Central American refugees line up in Matamoros to wait for a chance to plead for asylum.
In yet another immigration roadblock from the Trump White House, filing for asylum, citizenship and visas will cost substantially more starting October 2.
New fee increases
posted by U.S. Citizenship and Immigration Services will also require international students and businesses hiring foreign workers to dig deeper. Among the changes: the cost of applying for citizenship will go up by 81% and obtaining a work visa will rise by as much as 100%.

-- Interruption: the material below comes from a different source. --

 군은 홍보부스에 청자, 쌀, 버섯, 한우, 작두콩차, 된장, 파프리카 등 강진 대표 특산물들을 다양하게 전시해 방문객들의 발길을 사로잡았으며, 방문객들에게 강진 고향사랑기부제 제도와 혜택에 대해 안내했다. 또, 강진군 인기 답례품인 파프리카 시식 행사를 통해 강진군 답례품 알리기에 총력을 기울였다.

Asylum seekers will also be required to pay a $50 fee, making the U.S. one of just four countries — Australia, Fiji and Iran are the others — that imposes a charge on people fleeing danger in their home country.

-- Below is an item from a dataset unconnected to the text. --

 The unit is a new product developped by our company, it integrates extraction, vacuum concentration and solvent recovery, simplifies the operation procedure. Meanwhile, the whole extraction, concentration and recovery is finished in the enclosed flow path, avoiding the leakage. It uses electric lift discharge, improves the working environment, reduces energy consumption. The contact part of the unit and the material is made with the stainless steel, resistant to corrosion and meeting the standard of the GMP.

In a statement, USCIS Deputy Director for Policy Joseph Edlow said the price increases are needed to "efficiently and fairly administer our nation's lawful immigration system, secure the homeland and protect Americans."

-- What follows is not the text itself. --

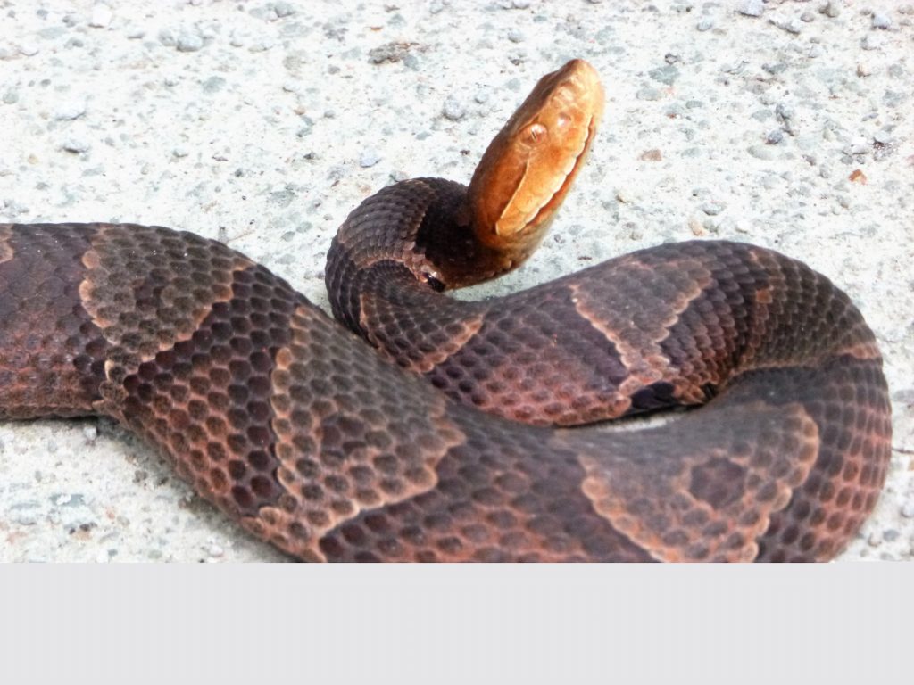 A copperhead in our region will be a generally brown to coppery color. Dark bands run across the body, interspersed with regions of lighter shade. The one most reliable mark that identifies a copperhead are those darker bands. On a copperhead, the bands will be most narrow where they cross the top of the snake’s back, becoming wider toward its belly. Another way to consider this is that the dark identifying bands form an “hourglass” pattern, with the narrow “waist” at the top of the back, directly over the spine.

However, critics point out that the fee hikes come as the agency, part of the Department of Homeland Security, faces substantial budget shortfalls and is asking Congress for a bailout
Melissa M. Lopez, executive director of the Diocesan Migrant and Refugee Services in El Paso told the news site Border Report
the price increase isn't coupled with better service or improvements from the agency.
“I think it’s really concerning that we are going to require asylum-seekers to pay a fee, when the reality is that when you are fleeing your country you don’t often plan and have the financial resources to hire an attorney, much less to be able to pay a fee,” she said.